Adam Remnant to Release Tales of Power Lines, Adulthood on ‘Sourwood’< < Back to
The Sourwood trail is a connector trail in Sells City Park off of East State Street in Athens. Although the path is well worn and tall trees create a picturesque wall around it, it is, as stated by an online directory of hiking trails, a “connector trail,” which “has no details, though it will appear on all maps.”
Although Adam Remnant didn’t name his debut solo album solely off of this little trail, one can’t help but make the connection between this rather opaque and oddly poetic disclaimer and the intentions of the album, which is entitled Sourwood. The record will be released this summer, after reaching its Kickstarter campaign goal in less than a week after its launch in late February. Sourwood eludes to a portion of life that comes with little or no forewarning minutiae, yet appears on (almost) all maps, and, most likely, will appear shorter in retrospect. Remnant construes the album as a sort of crossroads, where “dreams and realities meet.”
“Yeah, describing it like that is a little obscure, I guess,” said Remnant in an interview with WOUB about a week after his Kickstarter campaign goal had been met. “But what I was trying to get at was this general idea about being in the thick of adulthood, where I’m at right now. I’m raising kids and working and trying to juggle all these facets of life, and in the midst of all this you realize that whatever free time you had in your twenties is gone. And with that comes a sort of reckoning, which just has to happen. A part of the record is my reckoning with that change and figuring out what the dreams I had as a young person mean to my life now.”
Remnant said that crafting the album was laborious, and that many of the songs that made the record date back to as far as 2012, when Southeast Engine, (the band Remnant was a part of in his 20s,) began to disband. He recorded the entirety of Sourwood in his basement, but-by-bit, song-by-song.
“There was quite a learning curb in making the record, I was relatively new to home recording at the beginning of this process, and I assembled a home studio in my basement – it is hard to come up with the money that it takes to go into a studio and record, and, at the time, I didn’t have a band, so I was struggling with the time it took to record, too,” said Remnant, who has since assembled a band, made up of his brother and former Southeast Engine bandmate Jesse Remnant on bass, Ryan Stolte-Sawa on violin and keys, and Jon Helm on drums. Although painstakingly perfecting drum part recordings on a Tascam 38 tape recorder in his basement on school nights after having worked all day himself was quite a task, Remnant said that it fit into his new, adult existence in a more meaningful way than renting studio space.
The album artwork features a vaguely rural feeling suburban landscape: housetops and powerlines painted a blush in hues of pink and purple. Like everything else about Sourwood, crafting the album artwork was something Adam did, bit by bit, by himself.

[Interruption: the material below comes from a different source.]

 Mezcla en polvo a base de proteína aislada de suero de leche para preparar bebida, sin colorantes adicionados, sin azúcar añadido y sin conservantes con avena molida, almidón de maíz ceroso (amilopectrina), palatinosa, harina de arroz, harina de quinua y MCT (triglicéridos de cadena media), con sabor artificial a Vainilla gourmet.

“My older daughter is really into making art everyday, so she was sort of my inspiration,” he said. “Sometimes I would sit down with her and try to make stuff. I have a brother (Joseph Remnant) who is a professional artist, so I always think that he’s the one who is a professional in that arena, and I’m just having fun. But that’s sort of my entire philosophy on making art, anyway.”

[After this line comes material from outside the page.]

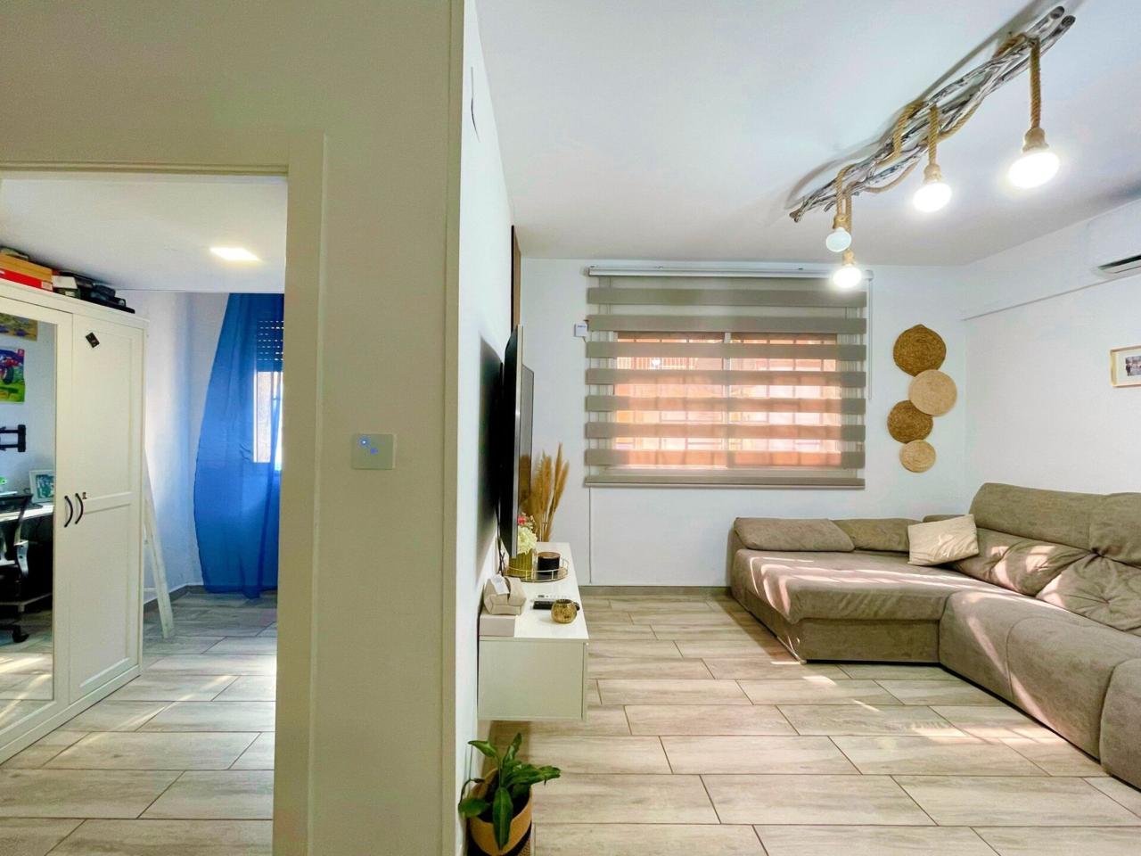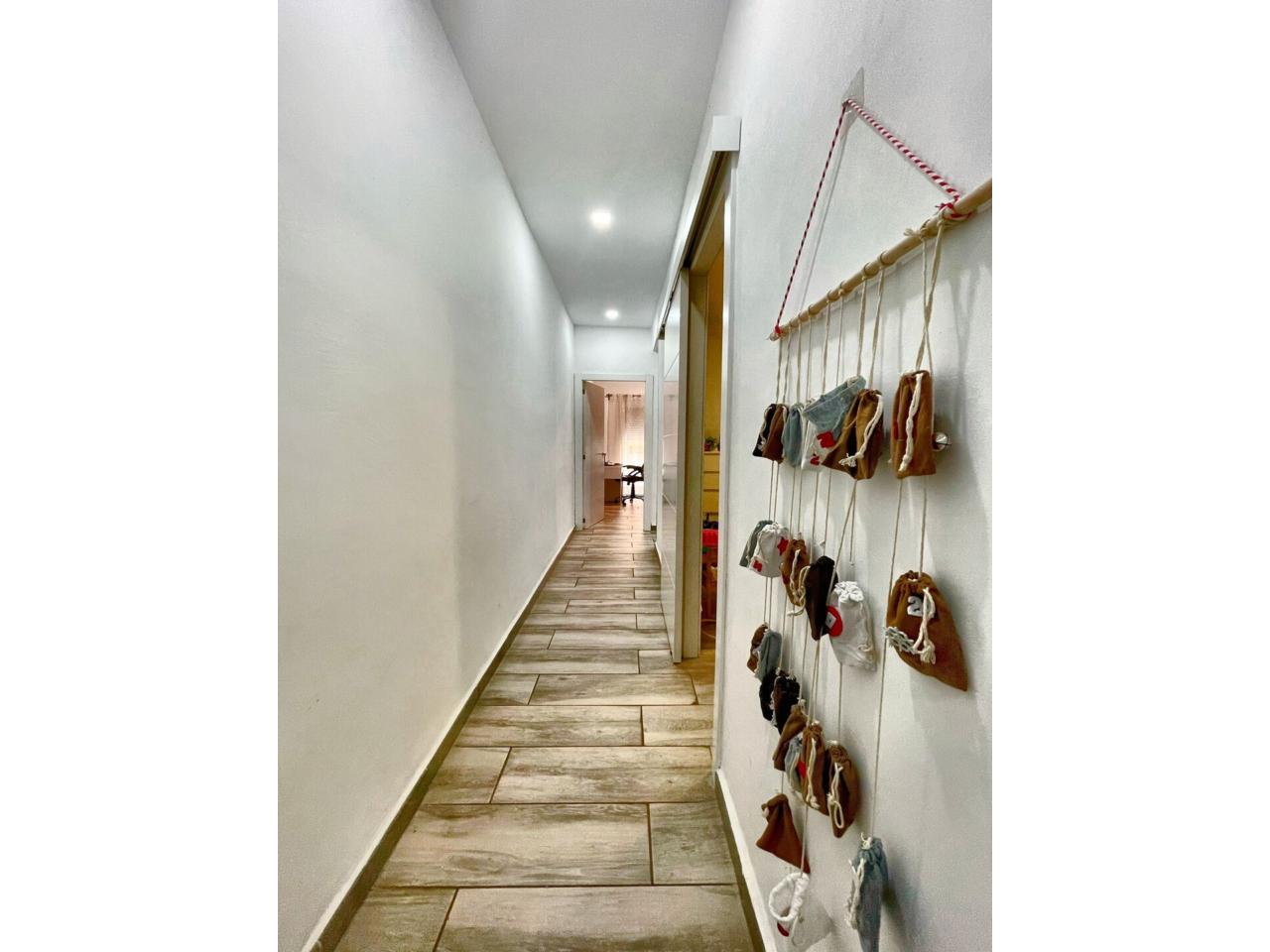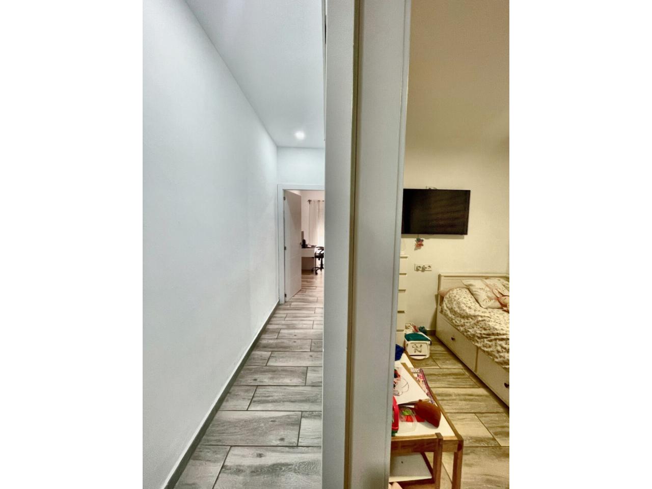 La vivienda dispone de un total de 98m2 construidos según catastro ( aparte la terraza privativa ) Completamente reformada, al entrar a la vivienda te recibe un precioso espacio diáfano donde conecta la cocina con el salón.

“The album artwork itself is a composite of a few images – I was thinking very abstractly about it when I started working on it, what I wanted the album artwork to be,” said Remnant. “When I write a song, I think about what time of day it is, what season it is, and I always try to evoke some sensory details that might be relevant in expressing that idea or emotion. And for this album, I settled on a pinkish sunrise or sunset – and I wanted the houses to look sort of Midwestern, and there are a couple of references to powerlines throughout the record, so I wanted to contain all of those images and colors.”
All-in-all, the aforementioned Kickstarter campaign that is bringing Sourwood to fruition raised a total of $5,684 from 133 backers, considerably more than it’s goal of $4,000.
“You know, I’ve always been someone that simultaneously wanted to be Kurt Cobain yet was so excited for the next practical step in my life,” he said. “When I first moved to Athens to go to college, getting booked to play at The Union was the biggest thing that could have happened to me, and I was very excited for that, it seemed like a dream come true, a huge goal to attain. I think (Sourwood) is kind of about how you harbor these desires for greater things while maintaining a practical outlook. In some ways, maybe I still want to be Kurt Cobain.”